ECB still long way from exiting easy policy: Coeure
LONDON (Reuters) - The European Central Bank is far from exiting its accommodative monetary policy and will keep an open mind about fresh measures, which it can still deploy if needed, ECB policymaker Benoit Coeure said on Tuesday.
Coeure's remarks show the ECB is not yet ready to follow the example of the U.S. Federal Reserve, the first of the world's major central banks to lay out a plan for exiting its ultra-loose monetary measures.
While pressing markets to prepare for an eventual rise in interest rates and urging policymakers to make progress on a European banking union, Coeure made clear the ECB was not about to reverse course.
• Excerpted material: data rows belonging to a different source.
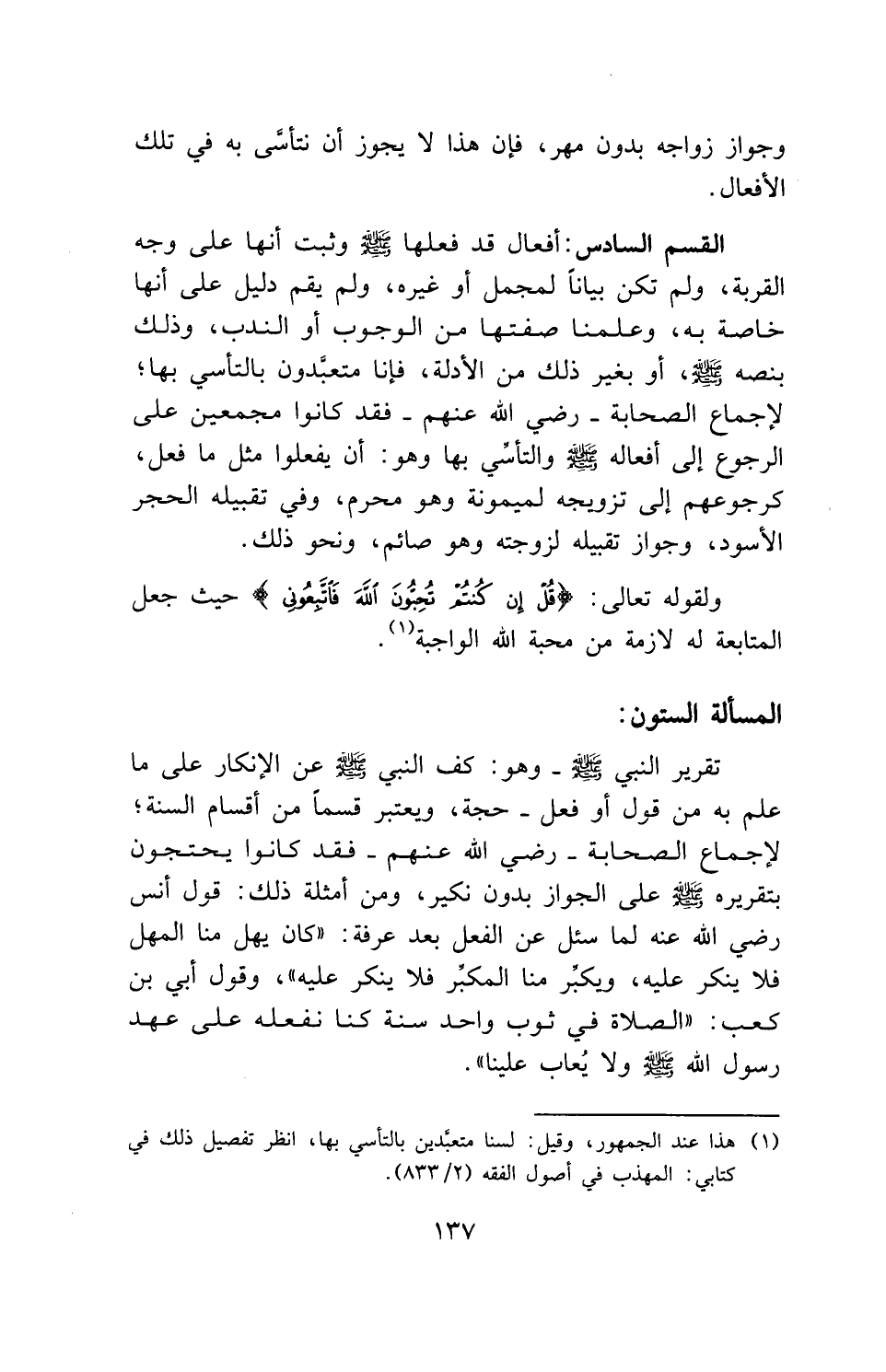 القسم السادس: أفعال قد فعلها - صلى الله عليه وسلم - وثبت أنها على وجه القربة، ولم تكن بياناً لمجمل أو غيره، ولم يقم دليل على أنها خاصة به، وعلمنا صفتها من الوجوب أو الندب، وذلك بنصه - صلى الله عليه وسلم -، أو بغير ذلك من الأدلة، فإنا متعبَّدون بالتأسي بها؛ لإجماع الصحابة - رضي الله عنهم - فقد كانوا مجمعين على الرجوع إلى أفعاله - صلى الله عليه وسلم - والتأسي بها وهو: أن يفعلوا مثل ما فعل، كرجوعهم إلى تزويجه لميمونة وهو محرم، وفي تقبيله الحجر الأسود، وجواز تقبيله لزوجته وهو صائم، ونحو ذلك.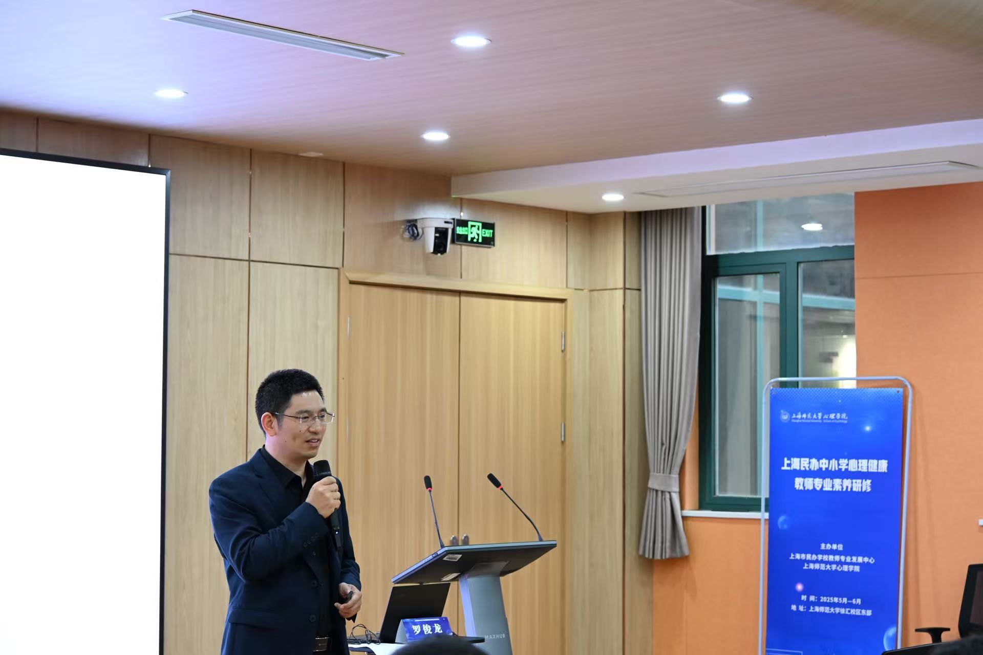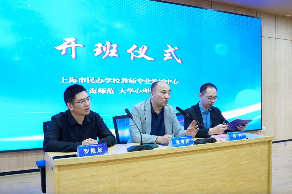 2025年5月8日,上海民办中小学心理健康教师专业素养研修班开班仪式在太阳成集团tyc33455徐汇校区举行。上海市民办学校教师专业发展中心常务副主任徐雄伟、太阳成集团tyc33455心理学院院长蔡丹、副院长罗俊龙以及全体学员参加本次开班仪式。仪式由心理学院党委书记张益主持。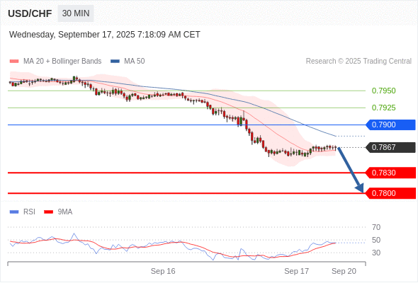 在 0.7900 之下,看跌,目标价位为 0.7830 ,然后为 0.7800 。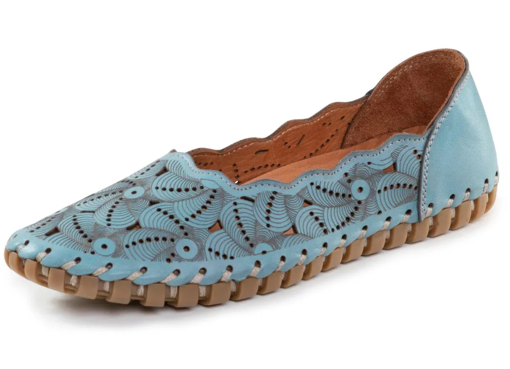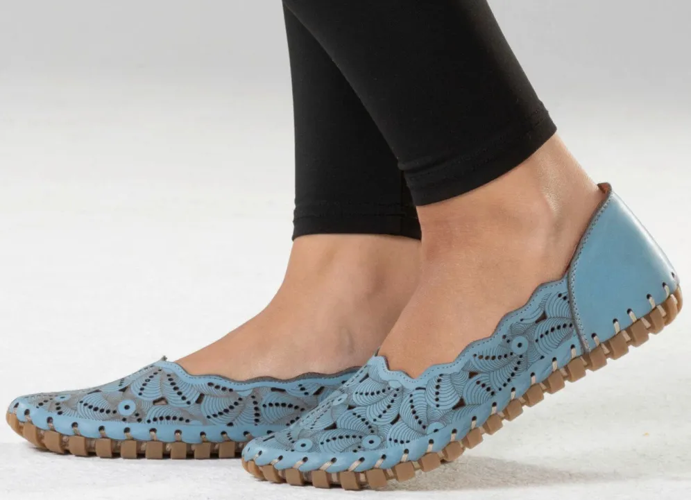 Luftig perforierter ELENA EDEN-Ballerina aus weichem Nappaleder, mit interessanter Prägung: Lederfutter, gepolsterte Lederdecksohle, superleichte TPU-Noppensohle sowie 10 mm Keilabsatz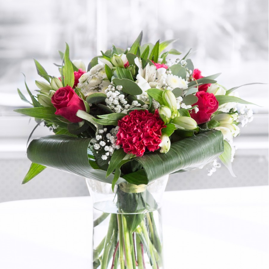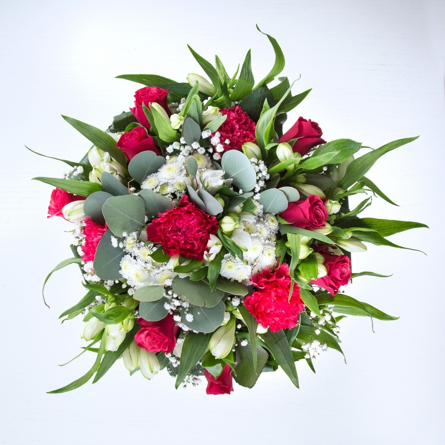 Experience the timeless beauty of our Pure Elegance Bouquet. This exquisite arrangement combines white chrysanthemums and alstroemeria with the deep allure of red roses and carnations, accented by delicate gypsophila and lush aspidistra leaves.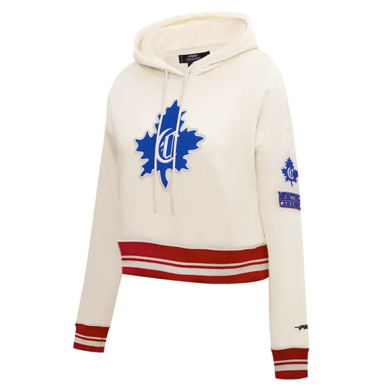 NHL MONTREAL CANADIENS RETRO CLASSIC WOMEN’S RIB CROPPED PULLOVER HOODIE (EGGSHELL\/ RED)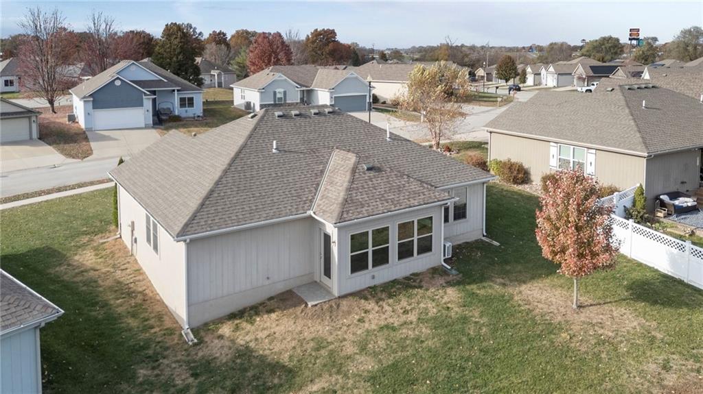 Better than new & in great shape! This home has beautiful granite in the kitchen & both bathrooms. The kitchen has a pantry, an island & stainless steel appliances. It is open to the dining area and the living room for an open feel. The kitchen walks out to a nice 4 season sunroom. In the primary suite you will find custom barn door window coverings, double vanity & walk-in closet. Carefree living in this maintenance free 55+ community. Low HOA fee covers lawn maintenance, snow removal, clubhouse & trails. One level ranch! 2 bd, 2 full baths, 2 car garage. Move in ready!

He said euro zone economic growth is expected to be weak this year and inflation to "remain clearly below 2 percent."
"The various non-standard measures that have been introduced by the ECB to support monetary policy transmission in certain market segments will stay in place as long as necessary, and there are other measures, standard and non-standard, that we can deploy if warranted," he said in a speech in London.
"There should be no doubts that our 'exit' is distant and our monetary policy is and will remain accommodative."
The ECB left its main interest rate at a record low of 0.5 percent this month and said it had discussed a raft of options it could take if the euro zone does not emerge from recession this year.
The discussions included the possibility of pushing the bank's deposit rate into negative territory for the first time - meaning the ECB would charge commercial banks for holding their money overnight, Coeure said.
"We've been preparing technically, also discussing with market participants, so we are technically ready," he added.
The euro zone's central bank "will look with an open mind at standard and non-standard monetary policy tools if warranted by the outlook for price stability", Coeure said.
By contrast, Fed Chairman Ben Bernanke said last week the U.S. economy is expanding strongly enough for it to begin slowing the pace of its bond-buying later this year.
His comments rocked global markets that have grown used to central bank stimulus amid weak economic growth.
"The recent bout of volatility in global fixed income markets is excessive in view of the current economic conditions, but it can serve as a useful reminder that such developments cannot be dismissed lightly," said Coeure.
Speaking separately on Tuesday, outgoing Bank of England Governor Mervyn King said markets had "jumped the gun" about when central banks were likely to start raising interest rates after the Fed comments.
Coeure added that the ECB needs to ensure the Fed's plan to dial back its stimulus does not hit euro zone bonds:
"We as the ECB will also have to make sure that the level of yield and the slope of the yield curve remains appropriate for our monetary policy stance, and we have a range of standard and non-standard measures that we can use to deliver that."
The Frenchman, a member of the ECB's six-man Executive Board that forms the nucleus of the policymaking Governing Council, nonetheless urged euro zone governments to prepare for higher bond yields.
"Governments that are lagging in their effort to consolidate debt and deficits should keep in mind that the current levels of yields cannot be taken for granted," he said.
While the ECB's creation last year of a new bond-buying plan dubbed Outright Monetary Transactions helped restore investor confidence in the euro zone, Coeure wanted governments to take fresh steps to shore up the currency project.
"Progress towards a genuine Economic and Monetary Union should be confirmed ... starting with clear and predictable rules for bank resolution and with the establishment of a single resolution mechanism, complementing the single supervisory mechanism as the second pillar of the banking union," he said.
The ECB is due to assume responsibility next year for supervising banks across the region - the first pillar of a banking union aimed at closer European financial integration.
The central bank wants governments to deliver a parallel resolution mechanism to wind down failed banks, but they have been dragging their feet on the issue.